Pollution à Sandiara : les populations interpellent l’État et dénoncent une situation devenue « irrespirable »

La colère ne retombe pas à Sandiara, où les populations continuent de dénoncer les nuisances qu’elles attribuent aux activités de la zone industrielle. Malgré les nombreuses protestations enregistrées ces dernières semaines, les habitants affirment que la pollution atmosphérique persiste et que leur quotidien est devenu insoutenable. C’est le constat dressé par le quotidien EnQuête, qui relaie les préoccupations exprimées par le Mouvement pour l’intérêt de Sandiara.

Selon EnQuête, les membres du mouvement affirment que les habitants de Sandiara ainsi que ceux des villages voisins continuent de respirer un air fortement dégradé, marqué par des odeurs jugées nauséabondes et des émanations considérées comme toxiques.

Le collectif rappelle qu’à la suite d’une importante mobilisation citoyenne, les activités de plusieurs usines de la zone industrielle avaient été suspendues durant deux jours. Pendant cette interruption, les populations disent avoir retrouvé un air respirable, ce qui, à leurs yeux, constitue un indice de l’origine industrielle de la pollution.

Cependant, toujours d’après EnQuête, la reprise des activités s’est accompagnée du retour des mauvaises odeurs et des fumées, ravivant les inquiétudes des riverains.

Le Mouvement pour l’intérêt de Sandiara évoque également des conséquences sanitaires préoccupantes. Dans son communiqué, il cite notamment le cas d’une surveillante venue participer aux épreuves du baccalauréat au lycée de Sandiara, situé à proximité des usines, qui aurait, selon le mouvement, fait une fausse couche après son retour chez elle. Ce témoignage est présenté par le collectif comme un élément illustrant les risques sanitaires auxquels seraient exposées les populations.

Face à cette situation, le mouvement lance un double appel. Il demande d’abord au Président de la République d’intervenir afin de protéger les habitants avant qu’un drame ne survienne. Il sollicite également les ONG nationales et internationales afin qu’elles s’impliquent dans le suivi des questions environnementales et sanitaires touchant la commune.

Malgré la tension, le collectif insiste sur le caractère pacifique de son combat.

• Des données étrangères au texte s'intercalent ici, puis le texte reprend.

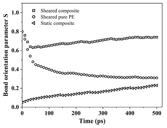 As shown in Figure 6, the bond orientation parameter of PE molecular chains in the static composite system slowly increases. The slight change further indicates that when the CNT is surrounded by multiple random polymer chains, the orientation of molecular chains induced by the CNT is finite under the restriction of the surrounding chain segments. The conformation evolution diagram also shows that the orientation of these chain segments is inconsistent. For a sheared pure PE system, the orientation induced by shear flow is unstable. The molecular chains are clearly disoriented and the bond orientation parameter is greatly reduced after the cessation of shear. For the sheared composite system after the cessation of shear, the bond orientation parameter decreases a little in a short time and then increases slowly. The degree of disorientation is much lower than that of the sheared pure PE system, which further indicates that the orientation stability of PE chains markedly improves under the adsorption effect of the CNT on shear-induced oriented chains and the inhibition effect of the CNT on the relaxation of shear-induced oriented chains. Moreover, the degree of orientation is further improved under the induction of the CNT.
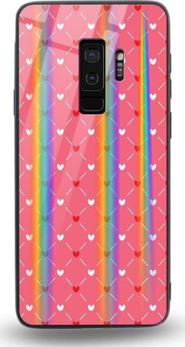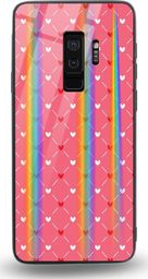 Mojworld Etui na Samsung S9 Plus - Rainbow Case - Small red hearts - pink background
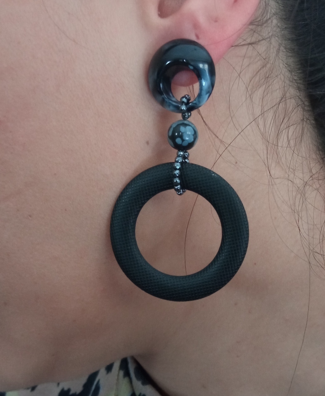 Σκουλαρίκια κρεμαστά μαύρα με μαύρους κύκλους και ημιπολύτιμες πέτρες
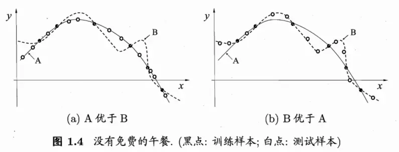 事实上,没有完美的归纳偏好可以使得一个模型适用于所有的情况,换句话说,对于一个学习算法 \(\mathfrak{L_a}\) 而言,若它在某些问题上比学习算法 \(\mathfrak{L_b}\) 好,则必存在另一些问题,在那里 \(\mathfrak{L_b}\) 比 \(\mathfrak{L_a}\) 好。这个结论对任何算法均成立。也叫“没有免费的午餐”定理(No Free Lunch Theorem,简称 NFL 定理):无论学习算法 \(\mathfrak{L_a}\) 多聪明、学习算法 \(\mathfrak{L_b}\) 多笨拙,它们的期望性能是一样的。
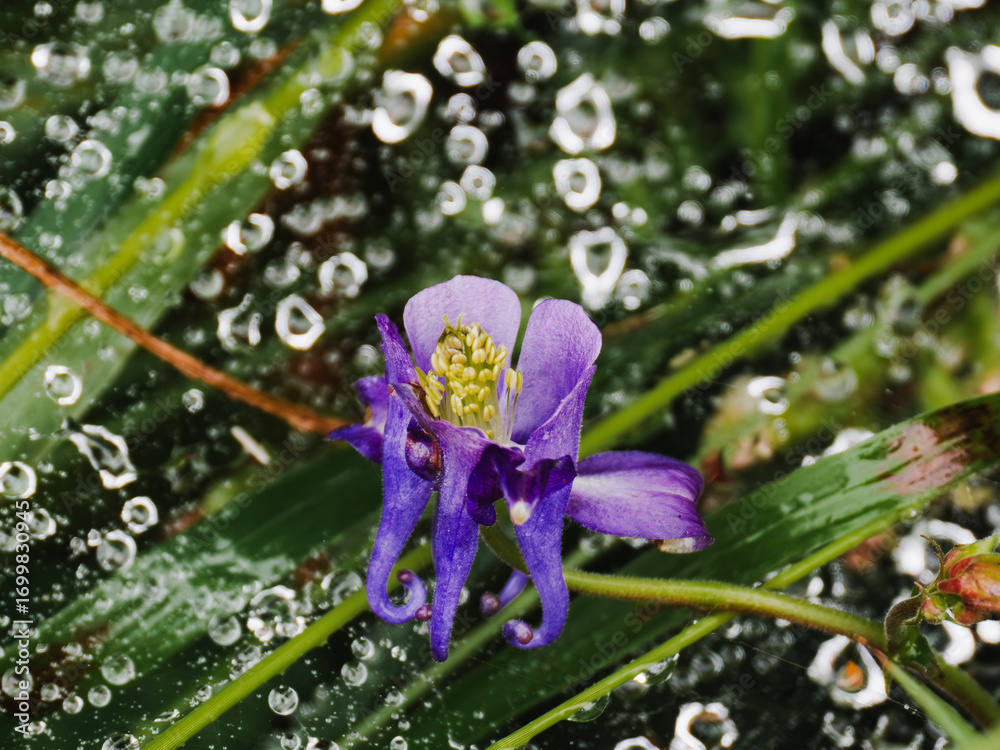 Purple water flower surrounded by droplets on green leaves in a wetland area during a rainy day
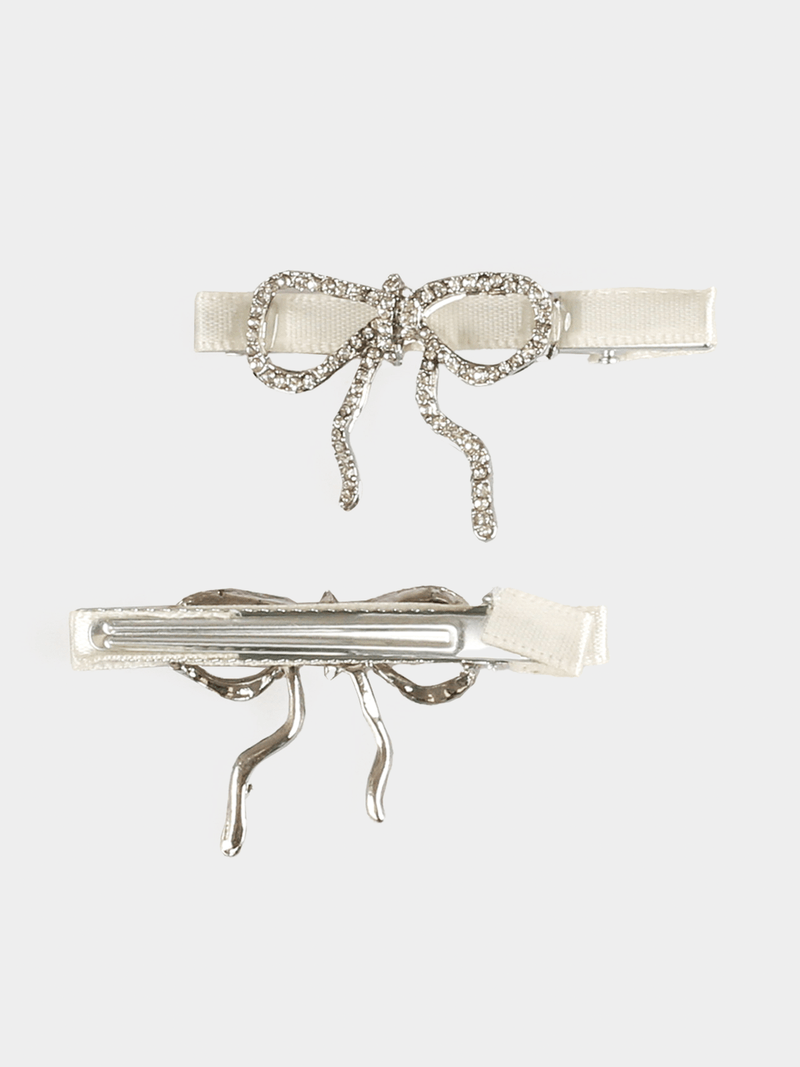 Home/Kids/Girls/Accessories/Girl's Silver 2-Pack Diamante Bow Hair Clips

« Nous ne voulons pas de violence, nous voulons juste respirer », martèlent ses responsables.

Le mouvement revient également sur l’interdiction de la marche que les populations projetaient d’organiser. Selon ses responsables, cette décision ne relèverait pas uniquement de considérations administratives. Ils estiment qu’elle répondrait davantage à des motivations politiques destinées à préserver certains intérêts, au détriment du droit des citoyens à exprimer leurs préoccupations.

Refusant de renoncer à leur mobilisation, les membres du Mouvement pour l’intérêt de Sandiara annoncent qu’ils poursuivront leurs actions jusqu’à l’obtention de réponses concrètes à leurs revendications.

Ils réaffirment que leur combat reste guidé par deux exigences fondamentales : le droit à la vie et le droit à un environnement sain, qu’ils considèrent comme des droits essentiels pour toutes les populations de la commune.

À travers ce reportage, EnQuête met en lumière une crise environnementale qui, au-delà des nuisances quotidiennes dénoncées par les habitants, soulève désormais des interrogations sur la protection de la santé publique, la gestion des zones industrielles et la prise en compte des préoccupations des populations locales.